======== Data for analysis ========

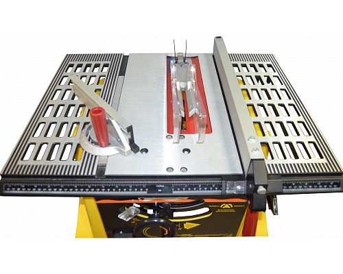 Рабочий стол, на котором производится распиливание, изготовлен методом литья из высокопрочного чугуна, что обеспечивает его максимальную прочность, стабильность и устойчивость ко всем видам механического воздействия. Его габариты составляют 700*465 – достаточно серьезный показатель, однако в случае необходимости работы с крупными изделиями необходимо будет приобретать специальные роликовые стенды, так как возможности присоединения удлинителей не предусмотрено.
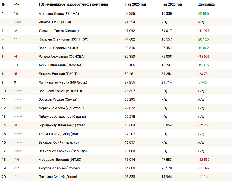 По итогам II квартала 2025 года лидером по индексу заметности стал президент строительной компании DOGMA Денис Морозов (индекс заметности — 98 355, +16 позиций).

========
======== Data for analysis ========

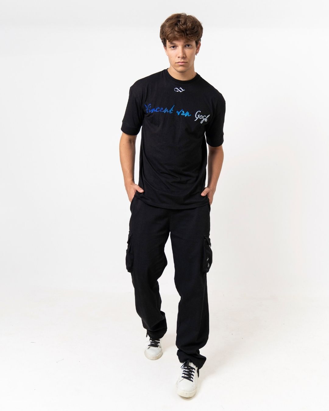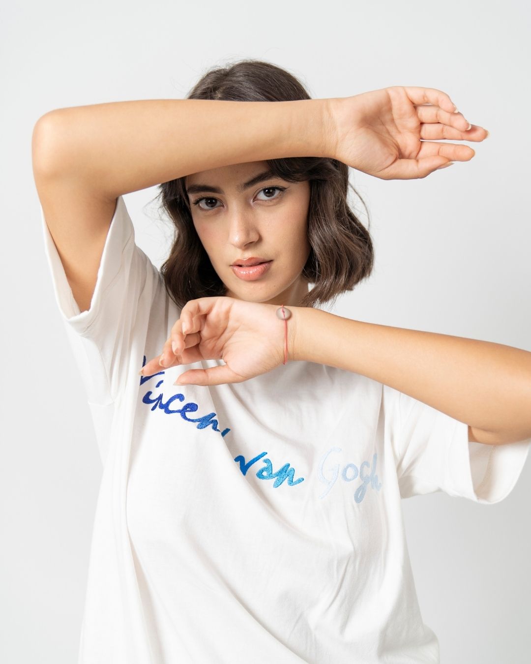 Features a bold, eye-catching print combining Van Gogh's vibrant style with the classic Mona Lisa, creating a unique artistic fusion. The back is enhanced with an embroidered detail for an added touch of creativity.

========

Return exactly the stretch above whose first line contains "Рабочий стол, на" and whose last line contains "По итогам II", and nothing outside it. The pictures should not appear.

 Рабочий стол, на котором производится распиливание, изготовлен методом литья из высокопрочного чугуна, что обеспечивает его максимальную прочность, стабильность и устойчивость ко всем видам механического воздействия. Его габариты составляют 700*465 – достаточно серьезный показатель, однако в случае необходимости работы с крупными изделиями необходимо будет приобретать специальные роликовые стенды, так как возможности присоединения удлинителей не предусмотрено.
 По итогам II квартала 2025 года лидером по индексу заметности стал президент строительной компании DOGMA Денис Морозов (индекс заметности — 98 355, +16 позиций).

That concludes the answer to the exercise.